I finally got a chance to sit down and read through the docs and blog posts,
and
[like with the Facebook Data Store API](/space/facebook+data+store+api+thoughts),
I've written up my thoughts.
Amazon's
[docs](http://docs.amazonwebservices.com/AmazonSimpleDB/2007-11-07/DeveloperGuide/)
do a pretty good job of describing SimpleDB, so I won't try to reproduce them.

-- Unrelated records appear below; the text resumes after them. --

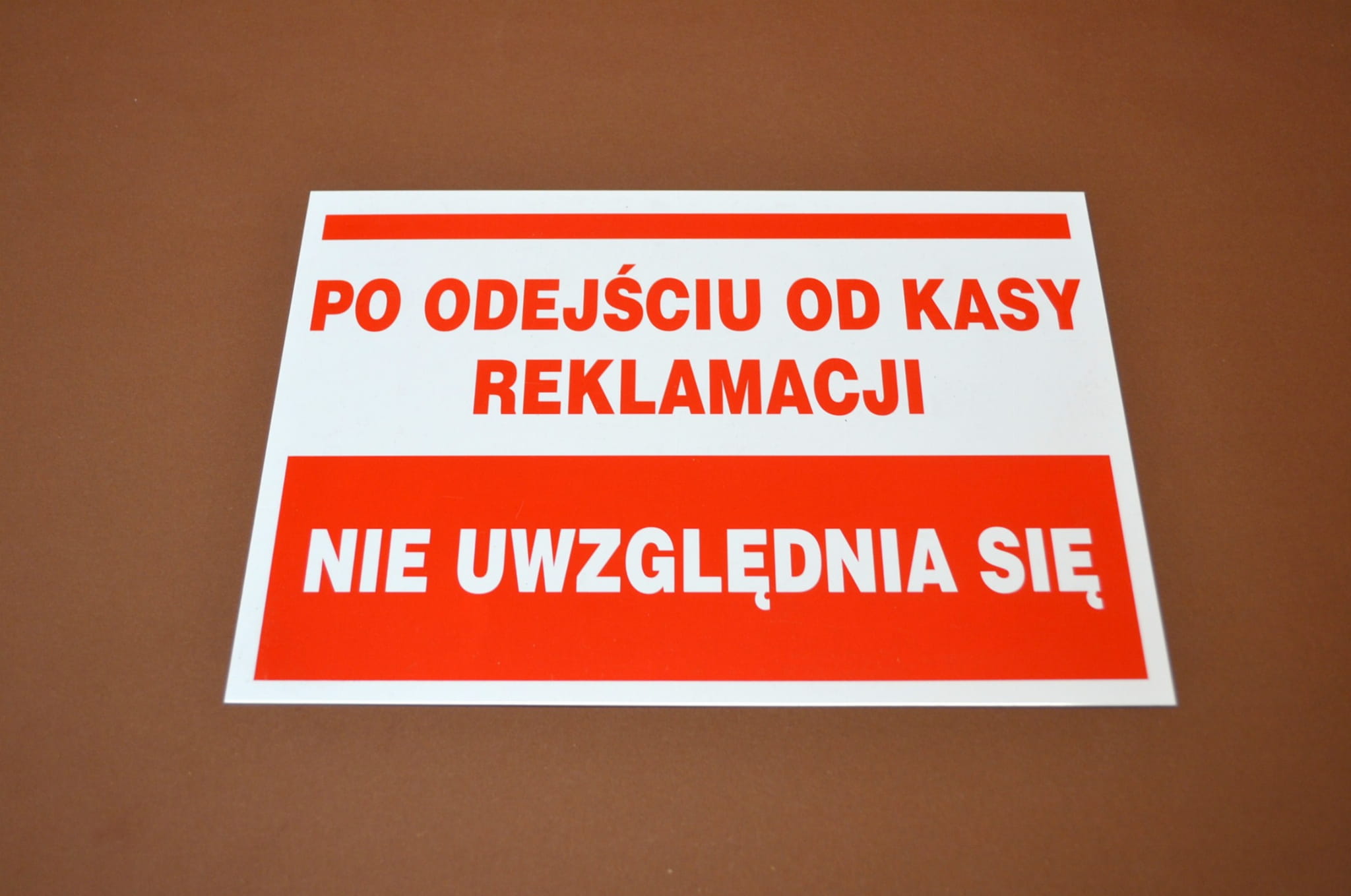 PO ODEJŚCIU OD KASY - TABL. PCV NADRUK 17,5x 25cm
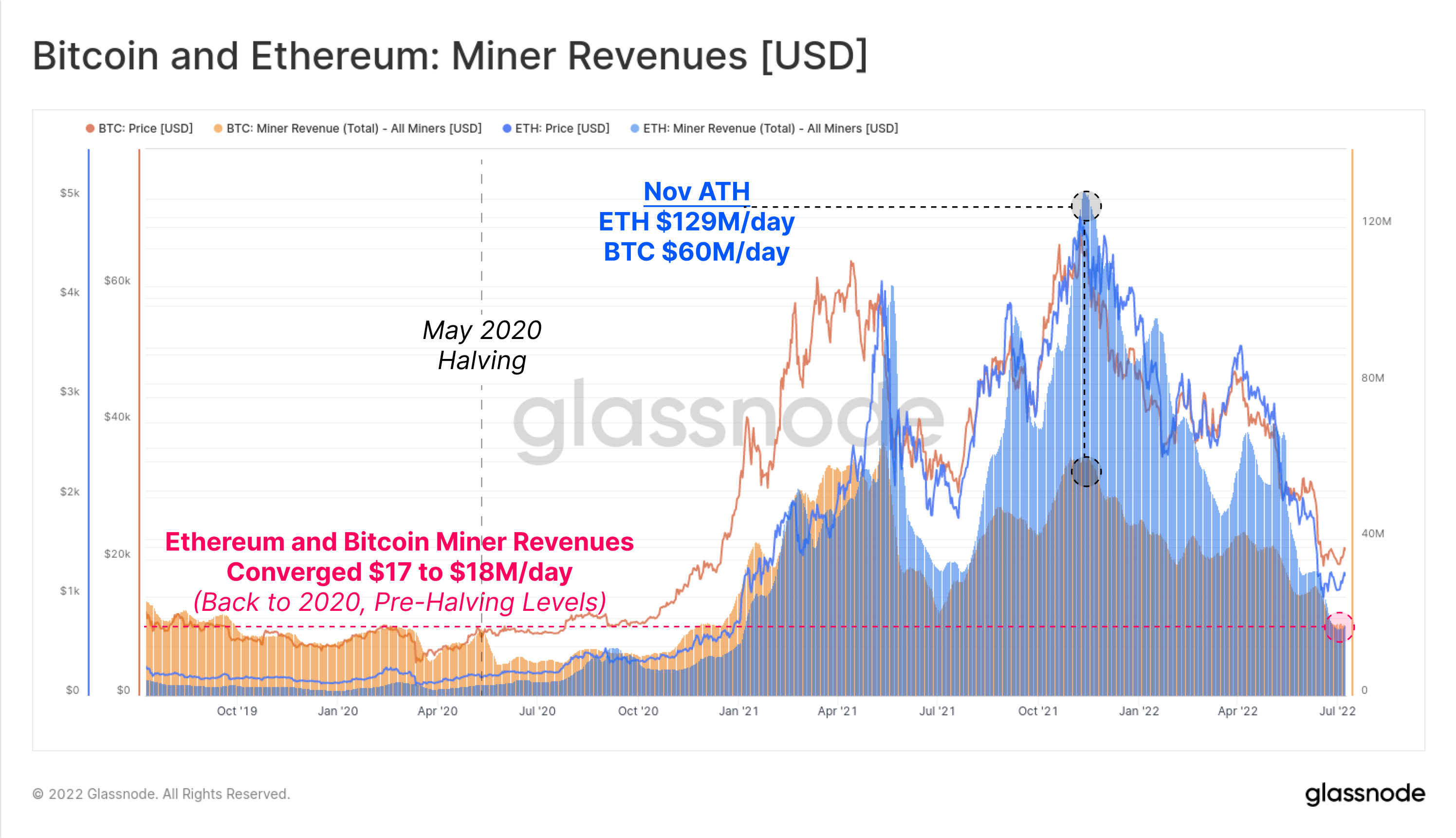We can see that the aggregate mining revenues for Bitcoin and Ethereum have dropped dramatically, with both converging at around $17M to $18M per day. Ethereum miners are now once again earning less than Bitcoin miners, despite ETH revenues reaching more than double BTC revenues at the Nov 2021 peak.
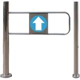 This gate is specifically designed to indicate channel direction and regulate entry and exit, ensuring safe passage for customers and staff alike. Its push door mechanism allows for automatic closing, preventing unauthorized access while maintaining a seamless flow of foot traffic.
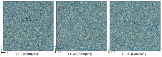 Nine specimens with a size of 40 × 40 mm are constructed. The numerical models of LF-0, LF-30, and LF-50 are made of a mortar matrix, a fine aggregate, ITZ, and pores. For each kind of sample, three specimens that are different in aggregate and pore distribution are generated. One of the three specimens (Sample 1) is shown in Figure 6. The very harmful pores are realized by the random deletion of solid elements in the mortar matrix and ITZ. Here, it is assumed that the position of each component was fixed during the whole hydration process. The effect of fluidity that may lead to the position change of pore was not considered, because the random generation of the three sample can reduce the effect of fluidity. The number of deleted units in the numerical specimens is calculated according to the proportion of the very harmful holes ( > 0.2 μm) in the MIP test results. The proportion of the pore distribution between the cement matrix and ITZ is 2.5:1.
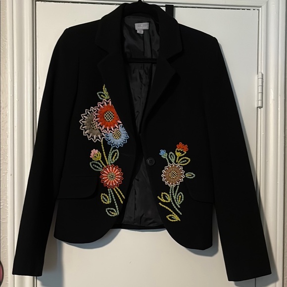 NafNaf Size 38 Floral Embroidered Black Jacket
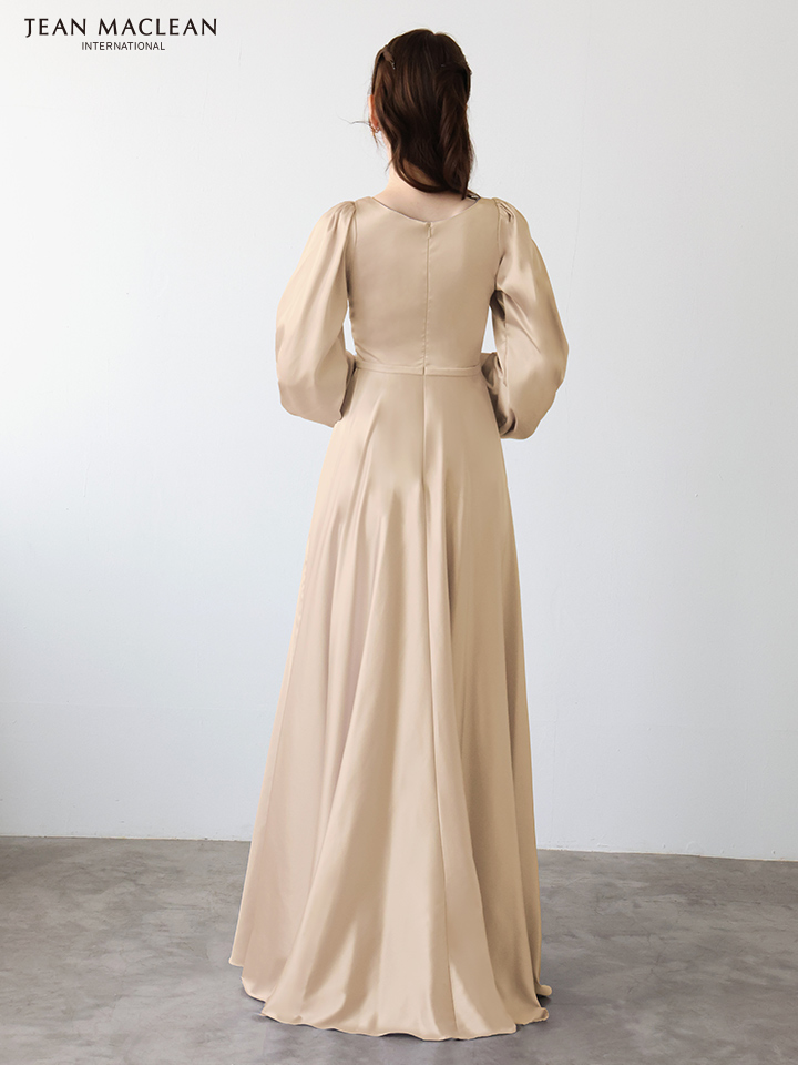 動くたびサテンが光を反射し、上品に艶めくラグジュアリーな一着です。

Instead, I'll focus on observations, and I'll emphasize a few important points
that are buried deep in the docs.
The executive summary is: I like it. It's solid, straightforward, and
eminently useful. Sure, it's limited. It includes design decisions that
clearly simplified the implementation at the cost of functionality and
usability. Still, as a result of those decisions, SimpleDB has
the potential to be very robust, scalable, and performant.
With SimpleDB alongside [S3](http://aws.amazon.com/s3) and
[EC2](http://aws.amazon.com/ec2), Amazon's web services look more and more
like the [Unix philosophy](http://www.catb.org/~esr/writings/taoup/): small,
simple tools that do one job, do it well, and fit together in ways that
complement each other. Very, very cool.
Then again, I'm a sucker for anything
[based on tuplespaces...](/space/amazon+simpledb+thoughts#tuplespaces)
### Contents
[Introduction](/space/amazon+simpledb+thoughts#intro)
[Tuplespaces!](/space/amazon+simpledb+thoughts#tuplespaces)
[Queries](/space/amazon+simpledb+thoughts#queries)
[Attributes and ordering](/space/amazon+simpledb+thoughts#attributes)
[Scaling and Dynamo](/space/amazon+simpledb+thoughts#scaling)
[Usage-based pricing](/space/amazon+simpledb+thoughts#pricing)
### [](/space/amazon+simpledb+thoughts#intro) Introduction
SimpleDB is a simple, schemaless structured storage engine. It stores items,
which are bags of key/value pairs. Keys and values are always strings;
primitive data types like integers and floats are not natively supported.
Developers choose a unique string name for each item at creation time.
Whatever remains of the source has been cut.